More than a hundred years later, and now supported by the UN, IWD has lost most, if not all, of its roots of class and struggle, hijacked by corporations presenting a sterile, shiny and safe version of women’s fight for equality. Rather than IWD being a record of direct action, often the only ‘action’ is a hashtag and the purchasing of ‘fempowerment’ merchandise. bell hooks wrote that she dreamed of seeing feminism proudly displayed on T-shirts or bumper stickers, but I don’t think she could have envisioned the hollow corporate nightmare that dream would become. Or indeed have imagined those T-shirts being made by underpaid women and girls in unsafe factories enduring terrible working conditions.
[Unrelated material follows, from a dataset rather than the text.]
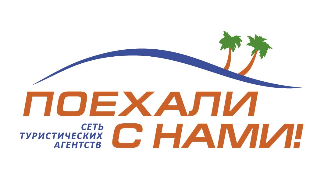 Logo poehalisnami

In recent times, this soulless charade has worked hard but failed to completely eclipse the good work that women’s charities and organisations try to showcase on IWD. In amongst the tsunami of hypocrisy and box-ticking, if I’ve looked hard enough, I’ve always managed to find a shimmer of hope. Each year I look on in awe at grassroots groups creating real change, the young women organising themselves, the schoolgirls demanding to know more about their herstory.

Yet today that feels harder to do than ever. Even if we can see past the legacy of ‘Lean In’, the controversial 2013 ‘feminist manifesto’ by Facebook’s chief operating officer, Sheryl Sandberg, and TV and magazine writer, Nell Scovell, and try to focus on the positives, this year, a day of webinars and tweets is teetering on the absurd. It’s like offering a child’s watering can to extinguish a forest fire.